So Begins the Narco Refugees

Via security analyst Sylvia Longmire’s excellent blog Mexico’s Drug War: Border Violence Analysis comes one of the most unsettling news stories of 2010:
The Monitor. 9 November 2010. 

CIUDAD MIER, Tamps. — Hundreds of families have fled this Pueblo Magico amid reported death threats from drug cartel thugs.

About 300 people are seeking shelter in nearby Miguel Alemán, the nearest city to this town across the border from western Starr County.

Sources said after Cárdenas’ slaying Friday, members of Los Zetas, the drug cartel controlling Mier, were yelling in the streets that they were going to kill  everybody who remained in the town, sparking the exodus from town.

“Initially it was 30 people, but then went up to 60, 100 and now we have 300 that came here,” Miguel Alemán Mayor Servando Lopez Moreno said in Spanish.


“There is not a house that doesn’t have broken windows,” said a native of Ciudad Mier living in Reynosa.

“The authorities do not go there. There are no soldiers there.

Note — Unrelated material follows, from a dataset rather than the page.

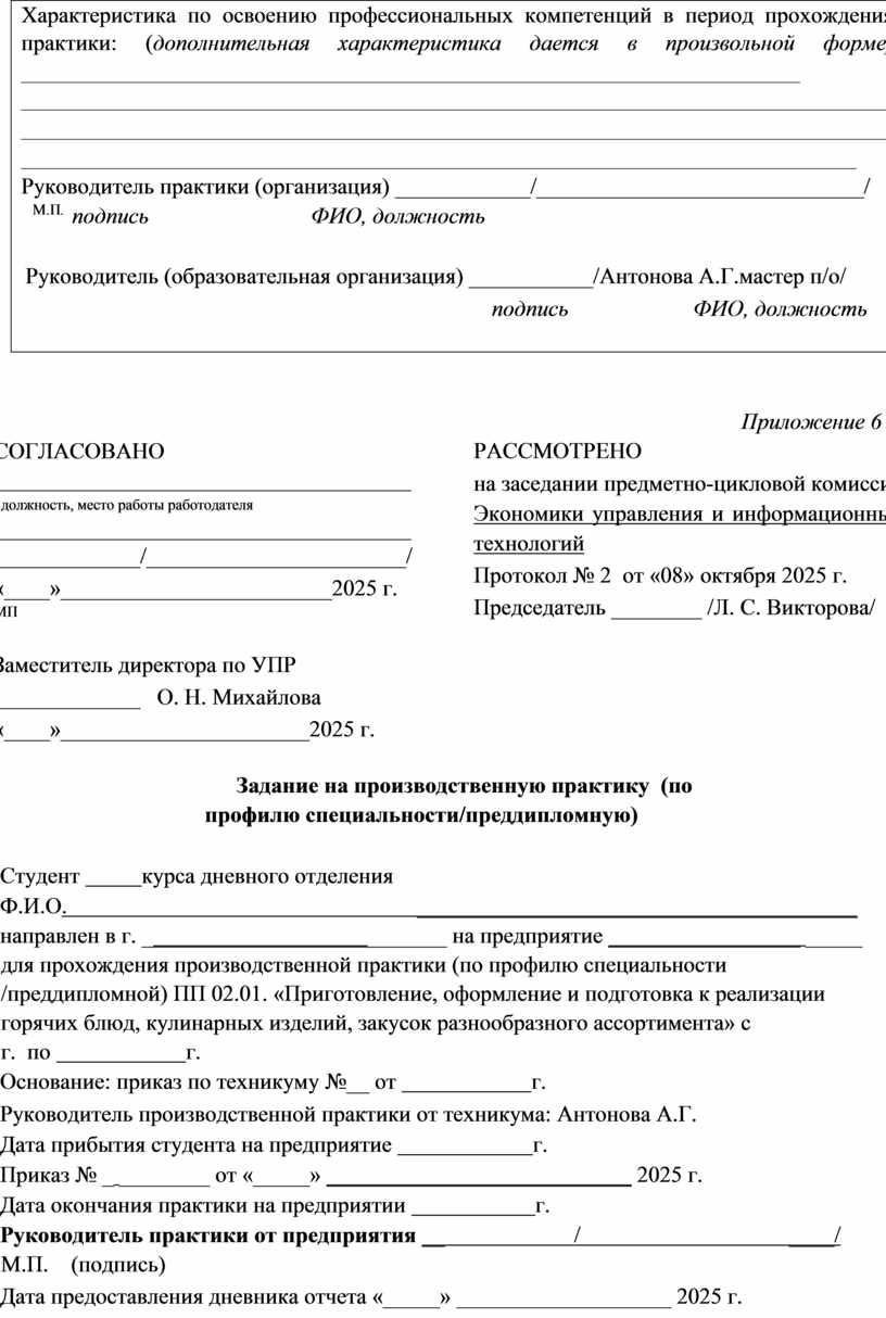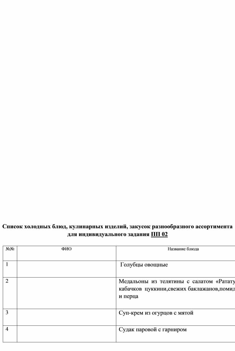 по производственной практике ПП 02.01 Приготовление, оформление и подготовка к реализации горячих блюд, кулинарных изделий, закусок разнообразного ассортимента в__ _________________________________________________________________________ (название предприятия)

There is nobody,” the former Mier resident said. “The mayor is not there anymore, there is no police, no traffic authority — nobody. It’s a ghost town. All the businesses are closed. If you want an aspirin, you have to travel to Miguel Alemán, and by bus, because if you drive they take away your car.”

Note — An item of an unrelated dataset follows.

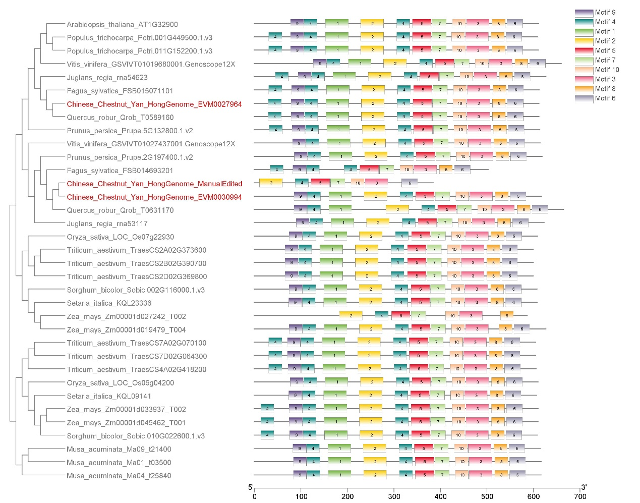 糯性是板栗最重要的食用品質之一。然而,關于板栗中糯性基因報道卻很少。通過與近緣種比對,發(fā)現板栗中與糯性相關的基因家族GBSS II存在擴張。為了進一步探索該家族進化趨勢,本研究針對所有GBSS蛋白和相關家族成員進行了系統的發(fā)育分析。研究表明板栗中的GBSS II-b分支比近源物種多個成員。

“They have strangulated my town.”

Earlier this year I highlighted the story of Ascencion, the border town whose citizens, unwilling to be terrorized by cartels while waiting for government protection, took matters into their own hands by forming a mob to kill suspected cartel members. I suggested that if Mexico’s narco-insurgency continues unabated the story of Ascencion would be repeated in many an isolated and terrorized town across the U.S.-Mexican border. 
I am now far less willing to stand by this prediction. It is not Ascencion that will be the model, but Ciudad Mier.  
Mexican arms restrictions are much more strict than those in the United States. These restrictions have done little to stem the flow of guns into the hands of Mexico’s narco-cartels, but they do ensure that Mexican communities will be outgunned in the event of a direct conflict with the cartels. In such an event it makes little sense to fight; better to run and live another day.  

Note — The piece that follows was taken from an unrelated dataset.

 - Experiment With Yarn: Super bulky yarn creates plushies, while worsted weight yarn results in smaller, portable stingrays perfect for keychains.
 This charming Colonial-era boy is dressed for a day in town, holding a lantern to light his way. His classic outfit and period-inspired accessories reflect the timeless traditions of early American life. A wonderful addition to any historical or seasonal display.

To my knowledge the evacuation of Ciudad Mier is the first case of mass migration prompted by cartel strong-arming. I will be surprised if it is the last. While media coverage of these events is near non-existent, they should be a matter of grave concern for every citizen of the Republic. The day border communities cannot support the number of refugees created by the cartels’ insurgency is the day narco refugees begin streaming north of the border.